━━━━━ Exercise materials ━━━━━
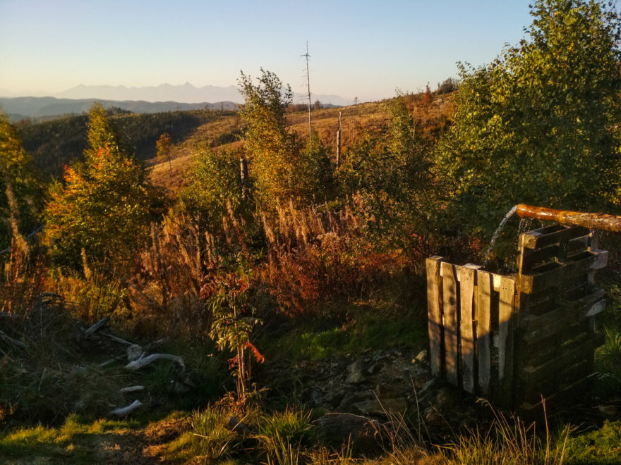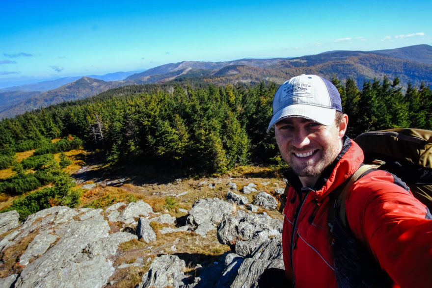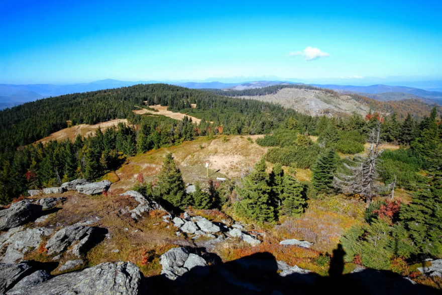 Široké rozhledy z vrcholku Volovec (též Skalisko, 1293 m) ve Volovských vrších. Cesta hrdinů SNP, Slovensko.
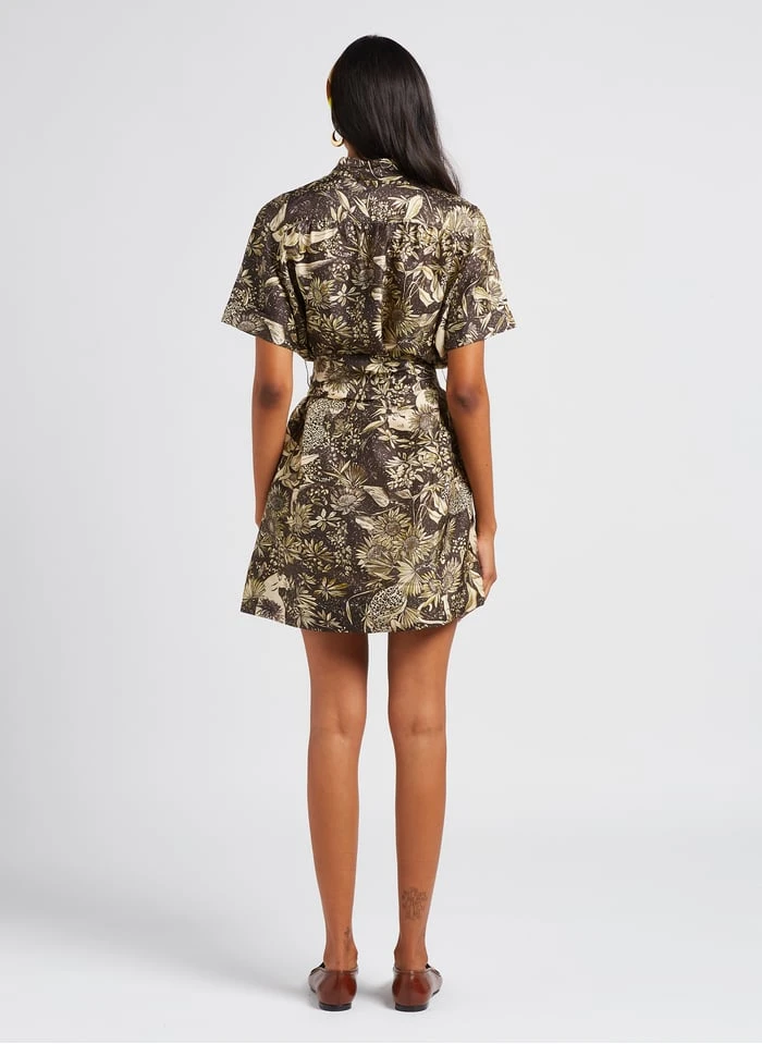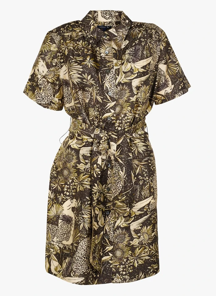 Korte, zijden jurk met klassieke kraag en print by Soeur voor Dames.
━━━━━
━━━━━ Exercise materials ━━━━━
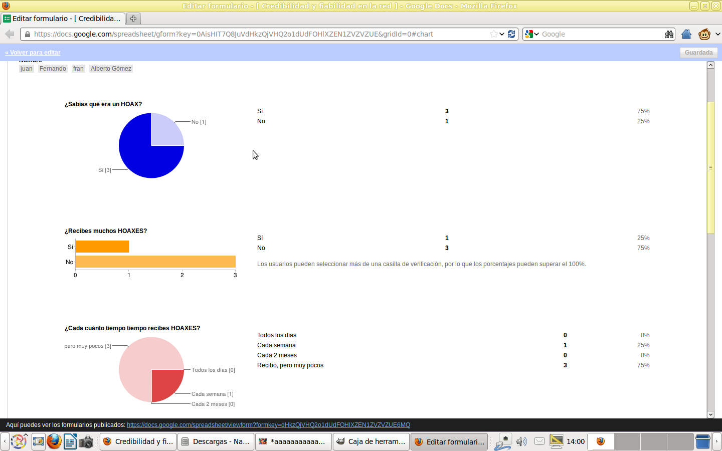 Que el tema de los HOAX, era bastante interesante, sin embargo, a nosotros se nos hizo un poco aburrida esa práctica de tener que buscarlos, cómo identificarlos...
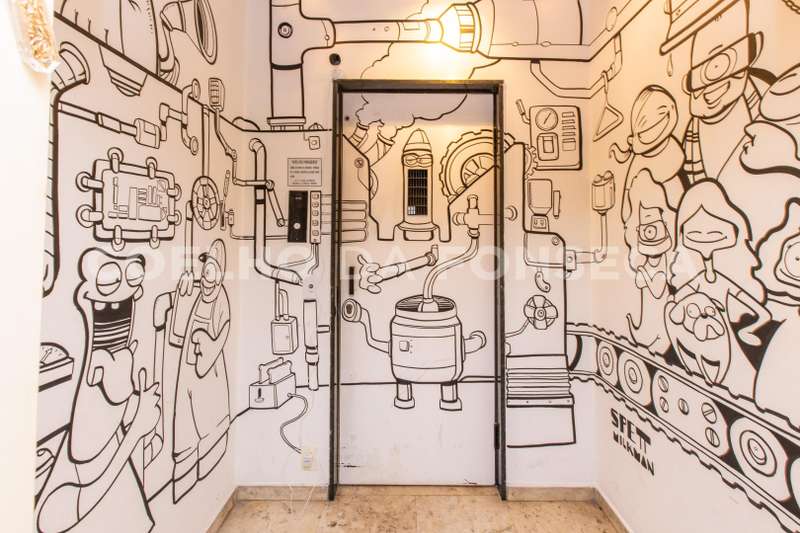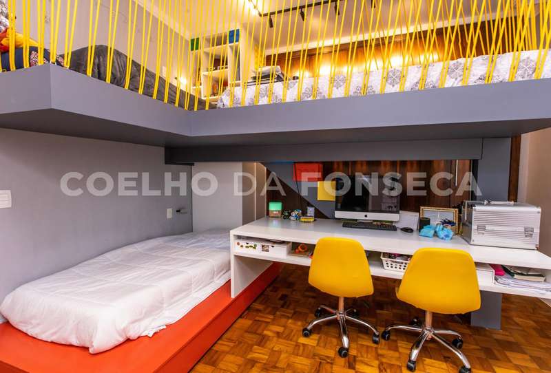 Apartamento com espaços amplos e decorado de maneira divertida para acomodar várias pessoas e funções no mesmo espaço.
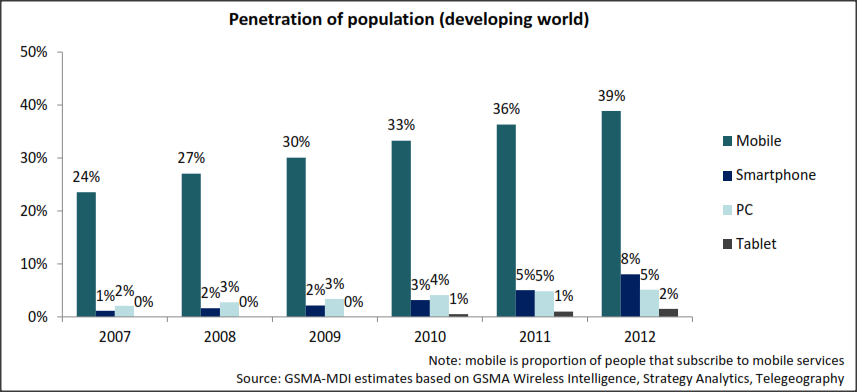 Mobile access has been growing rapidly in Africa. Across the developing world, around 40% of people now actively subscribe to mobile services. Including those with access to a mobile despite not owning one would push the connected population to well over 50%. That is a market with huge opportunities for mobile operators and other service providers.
━━━━━
━━━━━ Exercise materials ━━━━━
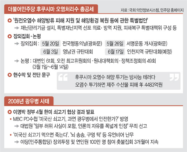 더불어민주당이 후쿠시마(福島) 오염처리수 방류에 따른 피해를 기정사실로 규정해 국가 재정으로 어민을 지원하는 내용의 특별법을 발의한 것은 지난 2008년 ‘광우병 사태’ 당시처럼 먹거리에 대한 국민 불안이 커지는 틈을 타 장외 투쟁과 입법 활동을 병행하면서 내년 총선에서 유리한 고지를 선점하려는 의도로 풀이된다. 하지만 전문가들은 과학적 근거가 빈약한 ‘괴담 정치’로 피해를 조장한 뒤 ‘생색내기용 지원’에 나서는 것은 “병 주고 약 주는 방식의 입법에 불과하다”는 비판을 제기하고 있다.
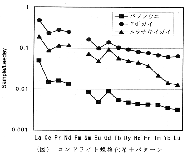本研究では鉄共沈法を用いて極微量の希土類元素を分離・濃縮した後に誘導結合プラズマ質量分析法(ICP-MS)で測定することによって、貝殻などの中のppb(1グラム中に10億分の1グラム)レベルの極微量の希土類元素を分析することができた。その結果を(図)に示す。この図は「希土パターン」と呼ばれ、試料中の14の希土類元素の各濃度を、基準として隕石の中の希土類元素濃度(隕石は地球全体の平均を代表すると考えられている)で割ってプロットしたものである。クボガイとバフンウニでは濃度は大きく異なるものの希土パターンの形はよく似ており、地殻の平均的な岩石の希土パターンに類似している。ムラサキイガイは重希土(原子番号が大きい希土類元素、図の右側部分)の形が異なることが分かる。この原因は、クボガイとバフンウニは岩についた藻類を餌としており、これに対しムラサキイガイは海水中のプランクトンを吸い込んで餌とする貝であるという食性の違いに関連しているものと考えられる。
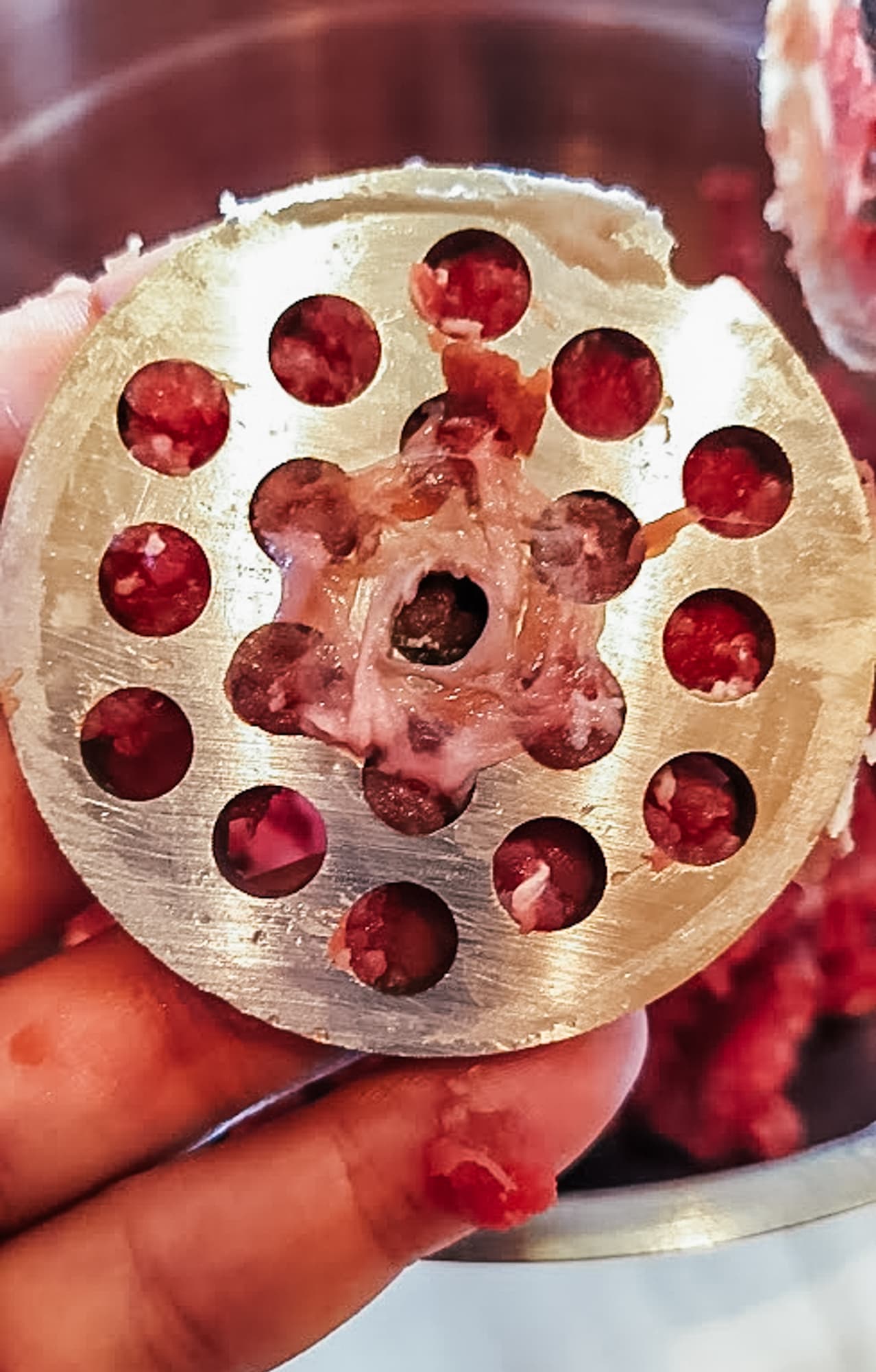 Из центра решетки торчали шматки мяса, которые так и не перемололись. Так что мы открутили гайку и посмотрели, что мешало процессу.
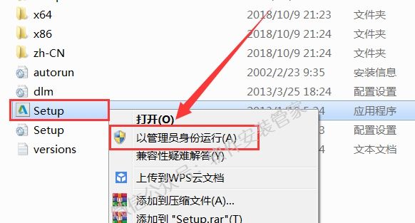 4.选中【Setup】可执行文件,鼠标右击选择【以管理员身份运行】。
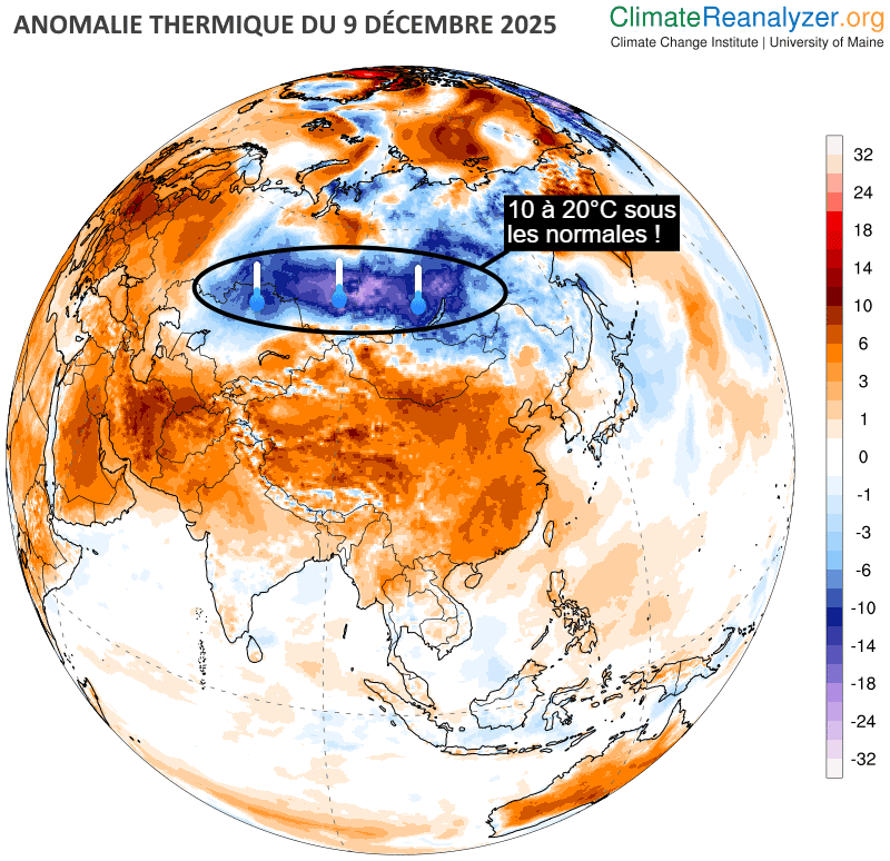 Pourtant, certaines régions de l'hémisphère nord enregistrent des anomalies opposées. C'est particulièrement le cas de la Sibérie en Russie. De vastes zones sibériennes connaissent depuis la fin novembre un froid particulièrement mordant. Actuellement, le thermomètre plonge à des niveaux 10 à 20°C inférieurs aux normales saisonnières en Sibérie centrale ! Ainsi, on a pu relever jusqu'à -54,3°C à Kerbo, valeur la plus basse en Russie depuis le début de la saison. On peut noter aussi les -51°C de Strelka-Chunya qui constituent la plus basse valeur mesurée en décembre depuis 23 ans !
━━━━━
▶ Assignment:
Copy exactly the lines of the listing above between the one holding "本研究では鉄共沈法を用いて極" and the one holding "4.选中【Setup】可执行文件,鼠标右击选择【以管理员身份运行】。", inclusive; omit all pictures.

▶ Exercise solution:
本研究では鉄共沈法を用いて極微量の希土類元素を分離・濃縮した後に誘導結合プラズマ質量分析法(ICP-MS)で測定することによって、貝殻などの中のppb(1グラム中に10億分の1グラム)レベルの極微量の希土類元素を分析することができた。その結果を(図)に示す。この図は「希土パターン」と呼ばれ、試料中の14の希土類元素の各濃度を、基準として隕石の中の希土類元素濃度(隕石は地球全体の平均を代表すると考えられている)で割ってプロットしたものである。クボガイとバフンウニでは濃度は大きく異なるものの希土パターンの形はよく似ており、地殻の平均的な岩石の希土パターンに類似している。ムラサキイガイは重希土(原子番号が大きい希土類元素、図の右側部分)の形が異なることが分かる。この原因は、クボガイとバフンウニは岩についた藻類を餌としており、これに対しムラサキイガイは海水中のプランクトンを吸い込んで餌とする貝であるという食性の違いに関連しているものと考えられる。
 Из центра решетки торчали шматки мяса, которые так и не перемололись. Так что мы открутили гайку и посмотрели, что мешало процессу.
 4.选中【Setup】可执行文件,鼠标右击选择【以管理员身份运行】。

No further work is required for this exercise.